# Major train event in Lac-Megantic,Quebec



## Brakeman Jake (Mar 8, 2009)

At 1:20 AM EST,a Montreal Maine & Atlantic train transporting crude oil derailed in Lac-Megantic,Quebec.The incident was followed by six consecutive explosions destroying a large part of downtown with an unknown number of casualties so far.

Municipal library along with a number of stores are said to have been litterally wiped out by the explosions,including a popular bar that was apparently full of people at the time.No official report yet as fire is still raging.


----------



## Brakeman Jake (Mar 8, 2009)

An update on this news...
It is confirmed by a company official that the train was remotely controlled,so no operateor was on board the train at the time.It seems that it is a normal way to do in this specific situation...weird at least.
According to news people,a cafe was crowded at the time.Also,there were residents living on second floors of the destroyed stores,who were likely in bed,so heavy casualty count is to be expected.
Apparently,according to witnesses,the train was going much faster than the 10 PMH limit of this part of the track.It is also said that the track was very poorly maintained in this area.A major inquiry will likely follow,I guess...


----------



## Carl (Feb 19, 2012)

News coverage showed the very large area that was damaged or totally destroyed.
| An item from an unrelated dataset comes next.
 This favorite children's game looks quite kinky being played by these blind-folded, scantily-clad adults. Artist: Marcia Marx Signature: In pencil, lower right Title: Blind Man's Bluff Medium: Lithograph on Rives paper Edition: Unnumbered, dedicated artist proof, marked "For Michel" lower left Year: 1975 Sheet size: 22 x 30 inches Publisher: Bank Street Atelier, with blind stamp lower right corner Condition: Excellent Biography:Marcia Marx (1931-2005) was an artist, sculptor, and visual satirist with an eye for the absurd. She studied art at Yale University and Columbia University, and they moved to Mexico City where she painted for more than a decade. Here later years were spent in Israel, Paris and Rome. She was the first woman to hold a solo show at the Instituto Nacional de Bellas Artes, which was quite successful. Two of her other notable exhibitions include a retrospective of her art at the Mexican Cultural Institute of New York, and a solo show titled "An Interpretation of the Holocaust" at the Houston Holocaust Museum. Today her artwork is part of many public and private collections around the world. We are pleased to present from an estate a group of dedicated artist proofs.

There were reports of a heavily populated tavern or bar that was near ground zero.....they have no idea what may have happened to those folks . The crude oil was reported to contain high levels of the light ends of petroleum, thus the rail cars exploding and extremely high levels so heat, such that fire fighters have had to sand back somewhat until the fire cools.
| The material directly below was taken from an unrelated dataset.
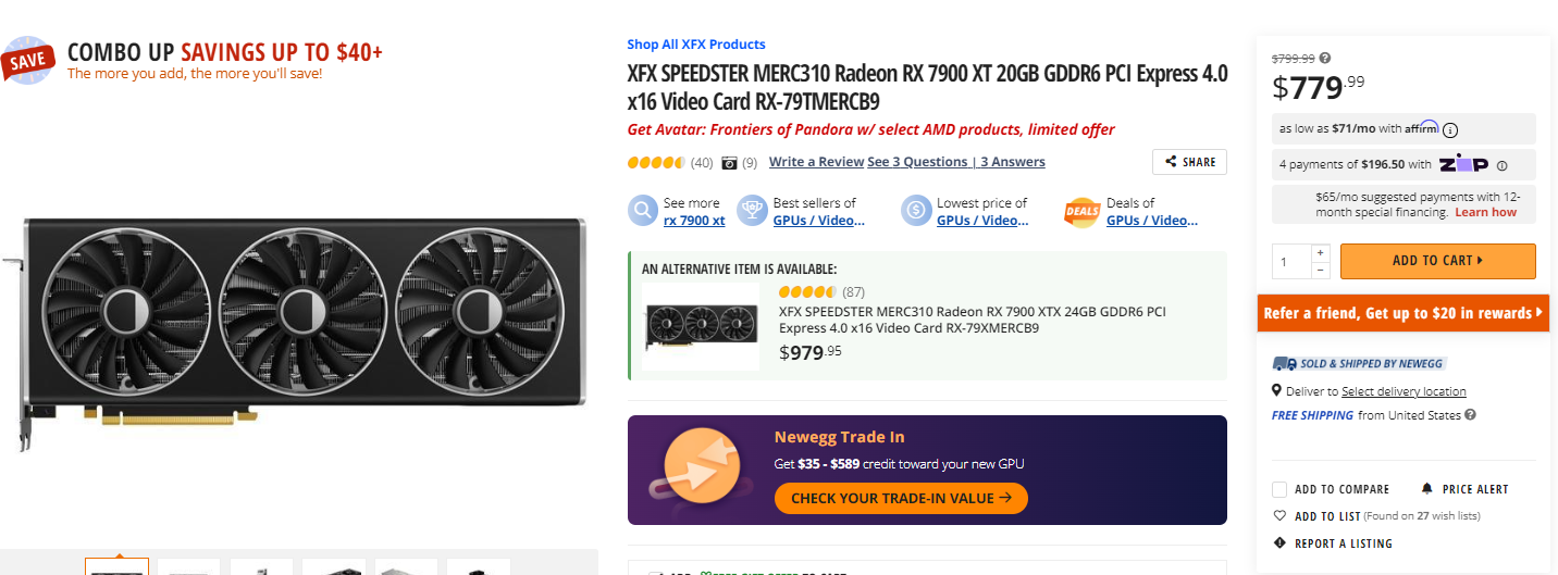The RTX 4070 Ti also makes little sense to purchase over AMD’s Radeon RX 7900 XT which can also be found for $800 or sometimes slightly lower on special, such as the $780 XFX Speedster MERC310 currently on Newegg.

What a sad event and my prayers go out to all effected.


----------



## kix662003 (Mar 8, 2013)

Wow. Terrible fire and loss of life! Surprised that the train was "remotely controlled" with no one on board. It's against the law where I live to leave almost anything with an engine running with no operator is at the controls, even big rigs and equipment in winter months. My thoughts and prayers are with the injured and families of the deceased. I imagine some "normal" ways of doing things are going to change.


----------



## Brakeman Jake (Mar 8, 2009)

As usual with such tragic events,information is not necessarily revealed to the public right away.However,what seems that happened as infos are revealed is that the train wasn't remotely controlled as was said before.

The truth,if it is,has a logic though there's a good part of mistery behind it.It's been reported that the locomotive (or one of them) has had a fire on board (fuel line rupture) two hours earlier eleven kms. away that was put out quickly and that the train was left there then,awaiting for a new crew.
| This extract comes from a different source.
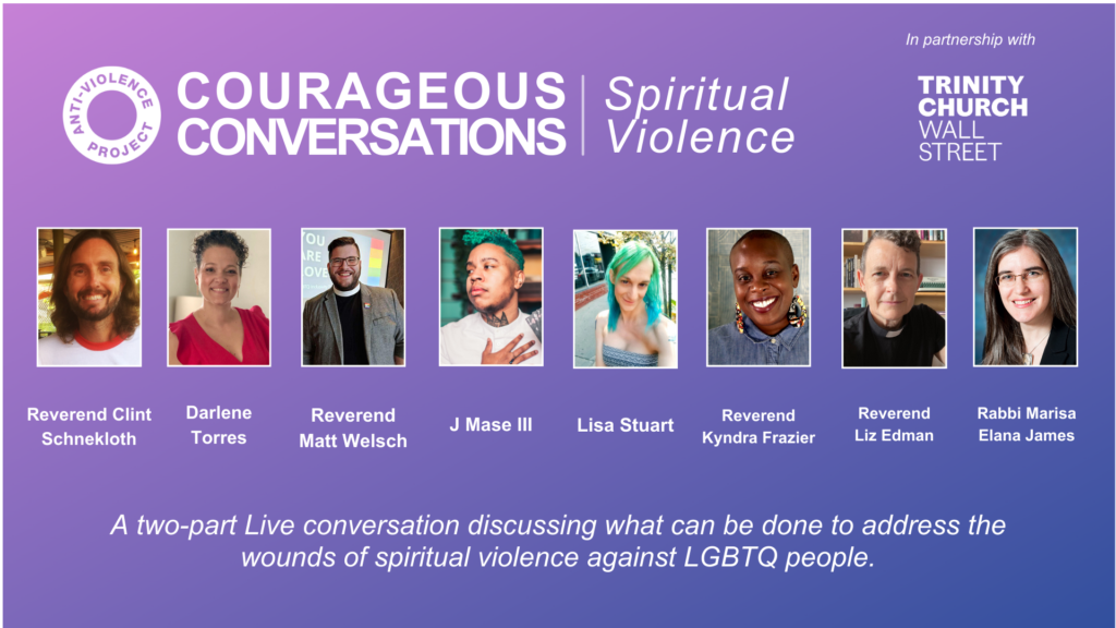 Live Broadcast: September 23 & 30 6pm ET / 3pm PT Spiritual violence against queer people is so pervasive it is almost hard to see. These sessions will explore: What … Continue reading Courageous Conversations: Spiritual Violence

It's also been reported that the leaving crew had made sure that the train was safe (brakes applied,etc) before leaving wich raises the big question...what really happened afterwards?

One true fact is that there's an important climb between where the train was left (Nante) and Lac-Megantic (up to 8% on one spot) so that explains the train's high speed wich some witnesses estimate at 60 MPH,way over the 10 MPH limit in this area.

Were the brakes defective?Could they release by themselves?Had the on board fire anything to do with this?Or did someone climb into the unoccupied train and played with the controls?All theorys right now and it probably will be months before the real truth is known.

Authorities don't report any but one casualty so far as there's no way to know was or wasn't there but many of the residents interviewed said they expect a high count as over fifty people are still not accounted for.


----------



## MacDaddy55 (Aug 19, 2008)

*Tragic!!*

New York Times reported obsolete Tank cars that should have been replaced 20yrs ago, the new way of transporting oil from Western US to refinery destinations, Big money involved in this type of transport as it is enviormentally cheaper means....and the tragic loss of life...WOW!! Those people asleep in their apartments,people in the tavern/cafe, gone in a flash...again tragic...and someones gonna pay!!


----------



## Brakeman Jake (Mar 8, 2009)

Confirmed facts...
-There were five locos heading this freight,72 tankers in tow with 42 involved in the derailment.
-Train had been stopped eleven kms. earlier (in Nante,Que.) due to an on-board fire in one of the engines.
-Nante's firemen confirm they've been called at 11:30PM.Intervention took 45 min.They also confirm that they had to shut the engine off to extinguish the fire,wich was caused by a fuel line rupture.And lastly,they reported leaving the area after MMA employees had told them everything was under control.They have no idea what happened after.
-For an unknown reason yet,the train started moving by itself (seemingly not powered and obviously with no one aboard) and proceeded towards Lac-Megantic at a constantly increasing speed as this area is a constant downhill.
-Trackage in Lac-Megantic area is speed restricted (10 PMH) because of its poor condition.Witnesses say they feel the train was well over this speed,likely 60 MPH.

Rumors...
-MMA's equipment in poor condition throughout.
-Five bodies found so far,estimation around forty still missing.Officials say that fire was so hot that many bodies probably are probably totally consumed.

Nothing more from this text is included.